## TASK PROMPT
Please copy each line of the listing below precisely, excluding the images.

........

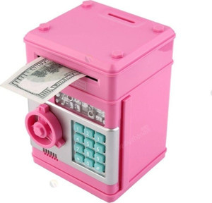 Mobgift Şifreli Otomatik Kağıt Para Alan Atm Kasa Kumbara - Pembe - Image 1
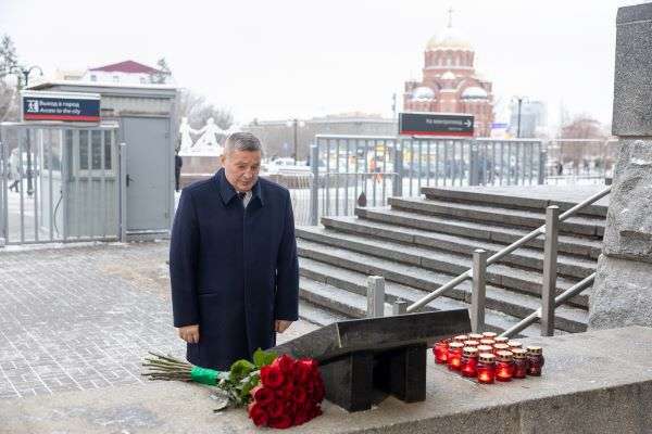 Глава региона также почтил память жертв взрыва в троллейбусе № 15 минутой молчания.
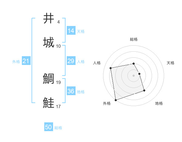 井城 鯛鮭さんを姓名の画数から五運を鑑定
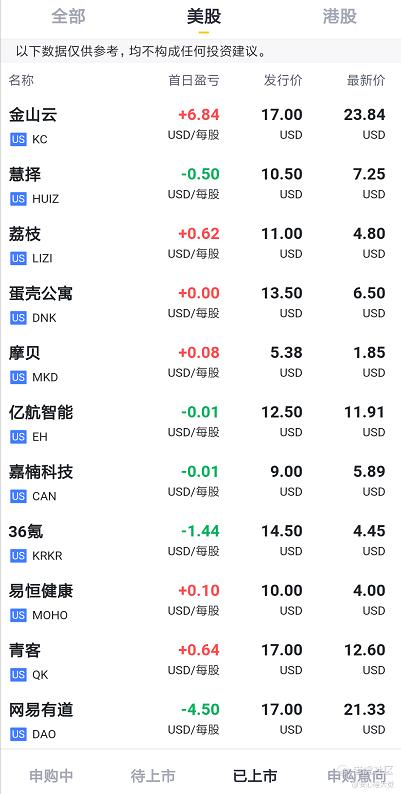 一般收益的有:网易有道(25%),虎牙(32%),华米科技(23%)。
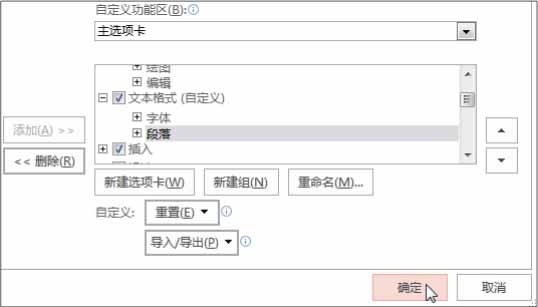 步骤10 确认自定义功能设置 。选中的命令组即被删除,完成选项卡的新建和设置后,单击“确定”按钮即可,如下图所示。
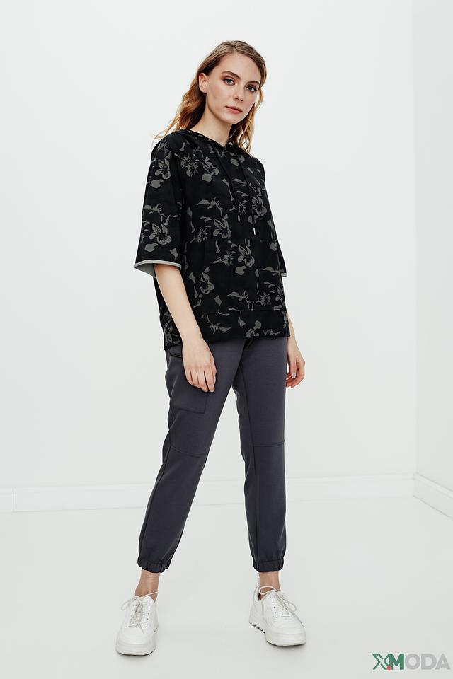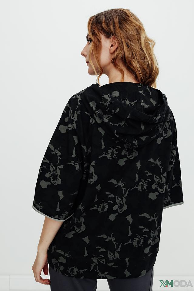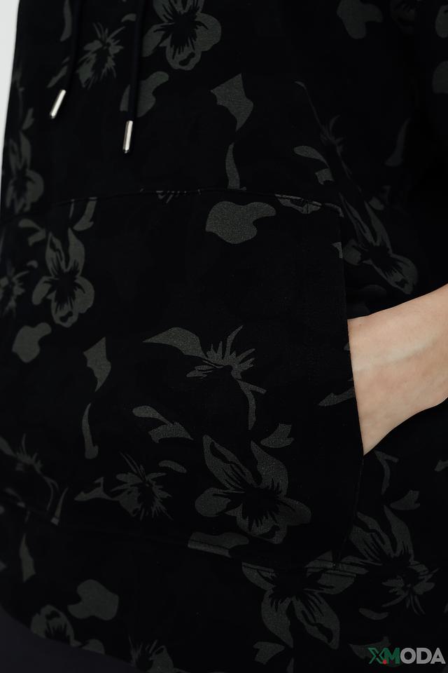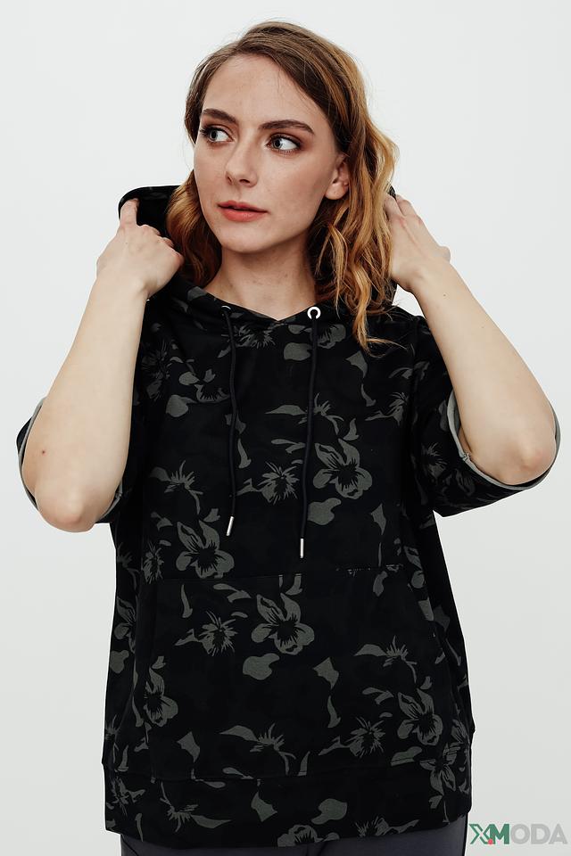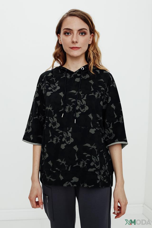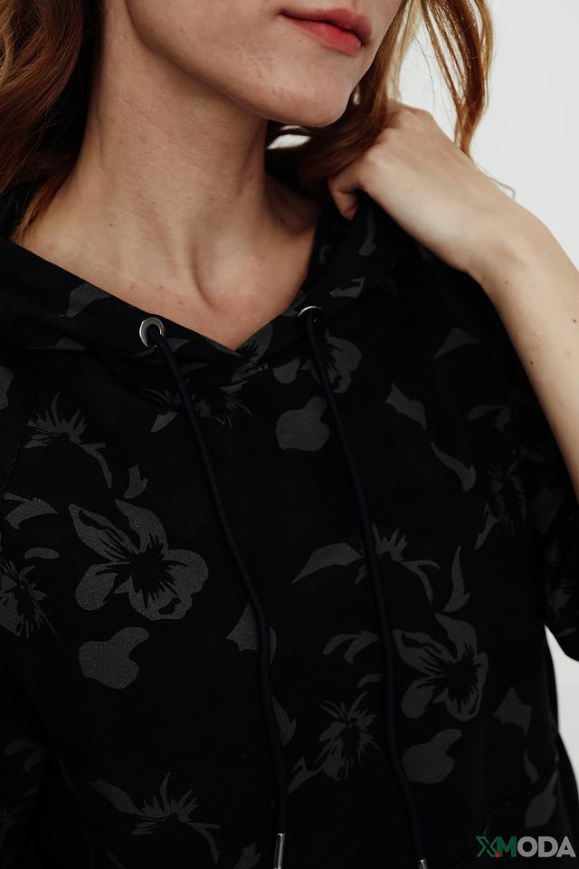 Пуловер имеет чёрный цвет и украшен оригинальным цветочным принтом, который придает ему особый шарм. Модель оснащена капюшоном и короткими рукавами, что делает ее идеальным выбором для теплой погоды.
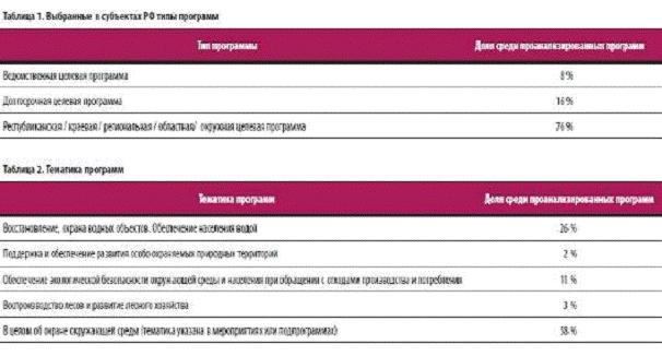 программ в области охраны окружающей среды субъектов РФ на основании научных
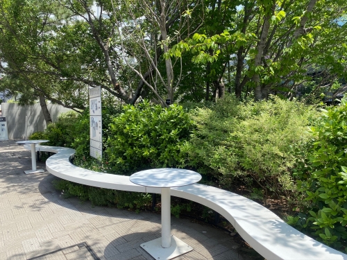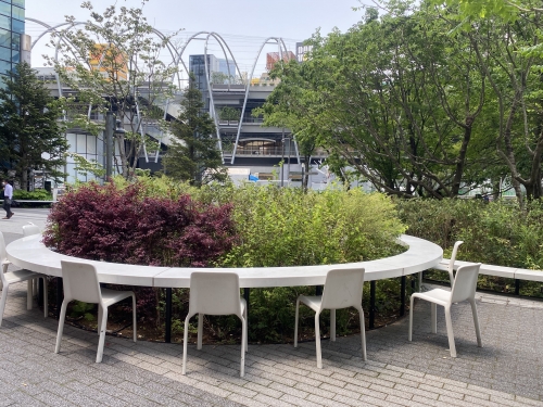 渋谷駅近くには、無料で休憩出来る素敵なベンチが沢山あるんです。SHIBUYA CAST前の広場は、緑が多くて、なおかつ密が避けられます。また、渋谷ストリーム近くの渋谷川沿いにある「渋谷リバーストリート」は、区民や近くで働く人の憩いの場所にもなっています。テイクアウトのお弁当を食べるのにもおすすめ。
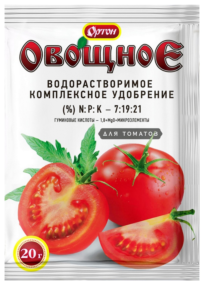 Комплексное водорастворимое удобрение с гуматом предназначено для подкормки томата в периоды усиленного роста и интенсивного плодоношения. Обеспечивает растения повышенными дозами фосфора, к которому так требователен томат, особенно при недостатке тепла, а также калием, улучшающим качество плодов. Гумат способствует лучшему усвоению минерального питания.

........

## EXERCISE RESPONSE
 Mobgift Şifreli Otomatik Kağıt Para Alan Atm Kasa Kumbara - Pembe - Image 1
 Глава региона также почтил память жертв взрыва в троллейбусе № 15 минутой молчания.
 井城 鯛鮭さんを姓名の画数から五運を鑑定
 一般收益的有:网易有道(25%),虎牙(32%),华米科技(23%)。
 步骤10 确认自定义功能设置 。选中的命令组即被删除,完成选项卡的新建和设置后,单击“确定”按钮即可,如下图所示。
 Пуловер имеет чёрный цвет и украшен оригинальным цветочным принтом, который придает ему особый шарм. Модель оснащена капюшоном и короткими рукавами, что делает ее идеальным выбором для теплой погоды.
 программ в области охраны окружающей среды субъектов РФ на основании научных
 渋谷駅近くには、無料で休憩出来る素敵なベンチが沢山あるんです。SHIBUYA CAST前の広場は、緑が多くて、なおかつ密が避けられます。また、渋谷ストリーム近くの渋谷川沿いにある「渋谷リバーストリート」は、区民や近くで働く人の憩いの場所にもなっています。テイクアウトのお弁当を食べるのにもおすすめ。
 Комплексное водорастворимое удобрение с гуматом предназначено для подкормки томата в периоды усиленного роста и интенсивного плодоношения. Обеспечивает растения повышенными дозами фосфора, к которому так требователен томат, особенно при недостатке тепла, а также калием, улучшающим качество плодов. Гумат способствует лучшему усвоению минерального питания.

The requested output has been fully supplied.